Student Speech
By Julia Cleary, Staff Writer
As social media becomes a primary form of communication, considerations over free speech are naturally evolving. Cases such as Elonis v. United States have addressed threats made over social media. However, when the speech doesn’t constitute that level of harm, there is a legal grey area regarding which punishment is warranted. This issue is particularly relevant to students, who are subject to more speech restrictions by their guardians and schools. To fully understand the evolving protections to student free speech, it is important to consider past precedent.
Tinker v. Des Moines Independent Community School (1969) is the landmark case regarding student free speech. In a 7-2 decision, the court ruled that preventing students from wearing armbands as a form of protest in a public school violates the students’ First Amendment free speech protections.
Since Tinker, multiple student speech cases have risen to the highest court of the land. In 2007, Morse v. Frederick was brought before the Supreme Court. This case was set into motion when Joseph Frederick held up a banner that said “Bong Hits 4 Jesus” during a school event. The banner had an obvious implication to marijuana, so the school’s principal, Deborah Morse, suspended Frederick for ten days. Frederick sued his principal under the federal civil rights statute 42 U.S.C 1983. He argued that his First Amendment rights to free speech had been violated by the confiscation of his banner and his suspension.
The district court ruled in favor of Morse and held that there was not a constitutional violation. The court also granted Principal Morse qualified immunity. Qualified immunity is commonly associated with law enforcement; however, it can apply to principals and teachers in particular circumstances. The precedent set by Pearson v. Callahan states, “Qualified immunity balances two important interests-the need to hold public officials accountable when they exercise power irresponsibly and the need to shield officials from harassment, distraction, and liability when they perform their duties reasonably.”
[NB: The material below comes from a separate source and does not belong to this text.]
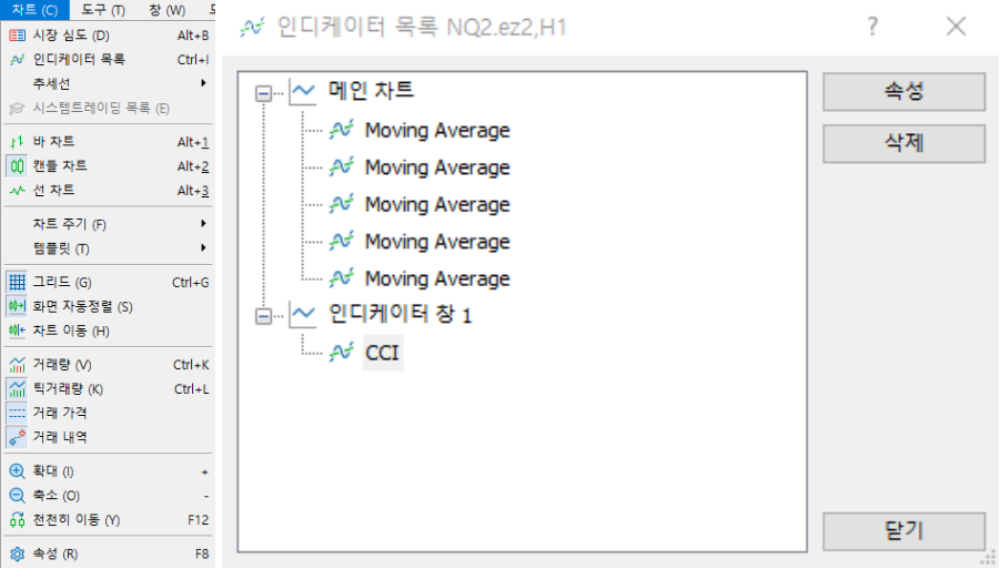 2.인디케이터 (보조지표) 목록 Ctrl+l : 인디케이터 목록은

However, the 9th Circuit Court of Appeals reversed the district court’s decision. This court held that the Tinker precedent protects student speech as an extension of the First Amendment. This precedent states that student speech is protected when the speech doesn’t cause a disturbance. The Court of Appeals argued there was not any proven disturbance in Frederick’s case as he was suspended for what his banner said, not because of any incident that resulted from it. Additionally, the Court of Appeals held that the principal did not have qualified immunity as any reasonable principal would know that Frederick’s speech did not cause a disturbance.
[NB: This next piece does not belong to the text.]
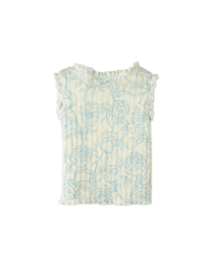 This classic ribbed tank top, available in pink and blue, is finished with delicate set-in lace, a dainty rosette, and a merrow-edged hem. It is a lovely essential with pretty details for everyday wear.

The Supreme Court considered two questions when deciding the case. The first was whether the First Amendment protected students’ rights to “display messages that promote the use of illegal drugs at school supervised events.” The second question was whether school officials have qualified immunity with damage lawsuits under the civil rights statute when school policy mandates discipline for students displaying drug references at school supervised events. The court ruled in favor of Morse in a 5-4 decision, with the response to the questions being “yes” and “not reached” respectively. Chief Justice Roberts’ majority opinion held that student speech in public schools is limited and not as far-reaching as the free speech rights guaranteed by the Constitution. The Justices also asserted that the protective standard created by Tinker cannot always be applied.
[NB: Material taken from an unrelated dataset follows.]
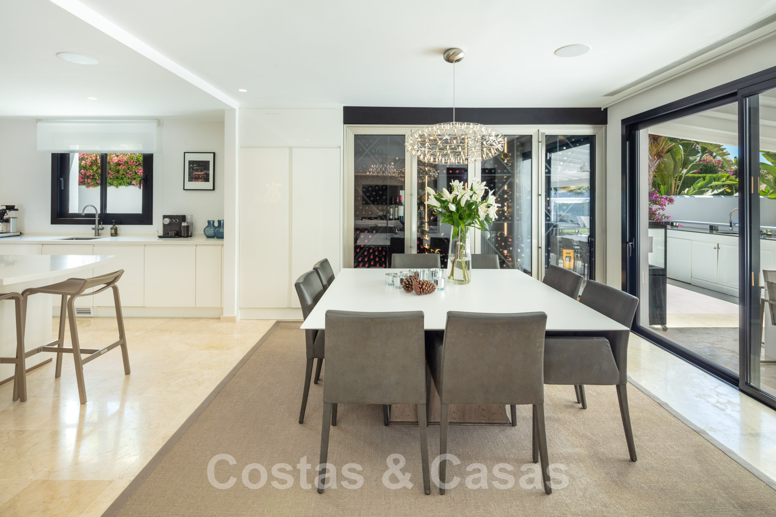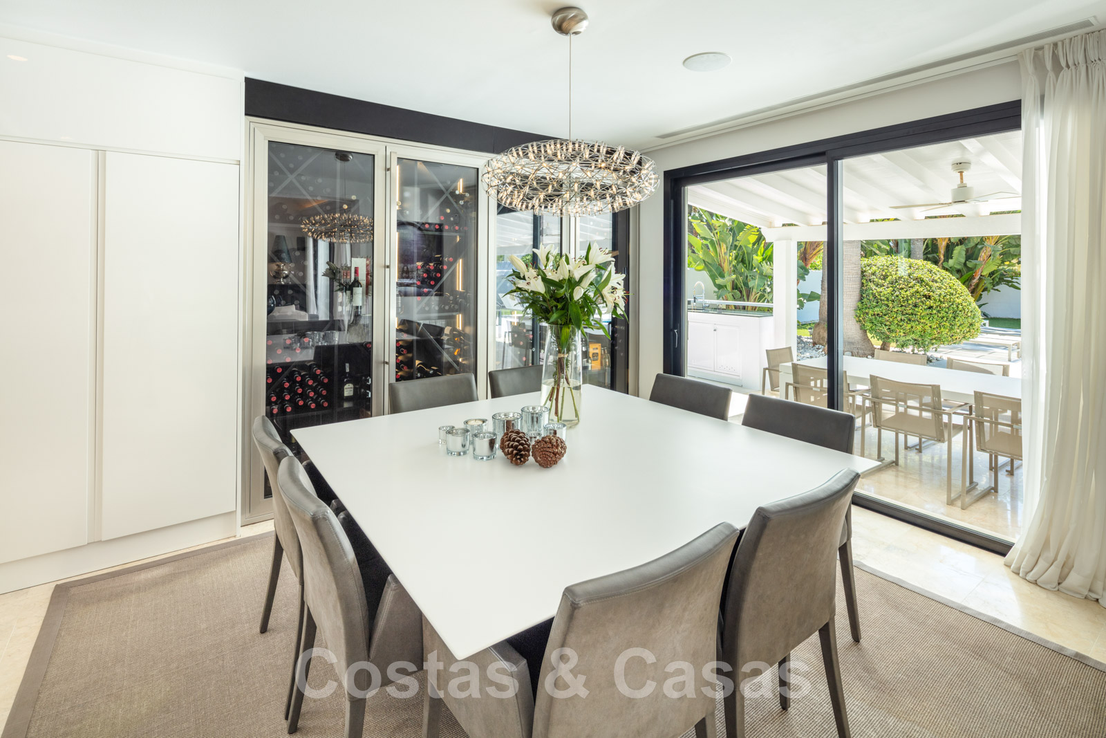 Adjacent à la salle à manger avec un grand refroidisseur de vin.

In a pending case, Mahanoy Area School District v. B.L., the Supreme Court is once again considering student speech. However, unlike the previously mentioned case, the school violation occurred over social media, outside of the school’s physical property or a sponsored school event. In this case, a high school student posted profanity on her Snapchat story, cursing out her school and a sports team after she did not make the varsity cheerleading team. After the school and her coach discovered this post, they suspended her from the junior varsity cheerleading team for a year. The case eventually made its way to the Supreme Court, where the justices are currently considering whether the First Amendment prohibits public school officials from regulating off-campus student speech.
The important considerations of Mahanoy are whether the speech is substantially disruptive and whether students are a “captive audience” with school-related speech that occurs off-campus. The substantially disruptive argument originates from Tinker, which set the precedent that schools can punish student speech under certain circumstances. Such circumstances include when the administration has reason to anticipate that the speech could substantially interfere with the school proceedings or impinge on the rights of other students. The captive audience argument also has a basis in Tinker. In Mahanoy, if it is determined that students are a captive audience, the speech can be constitutionally regulated even though it occurred outside the school’s physical boundaries.
Mahanoy has the potential to set a precedent that will reinvent student speech in the era of social media, where the “gates of the schoolhouse” extend beyond the physical boundaries of the school property (Tinker). However, the court will likely rule in favor of the student, deferring the question of regulating school-related speech on social media for another day.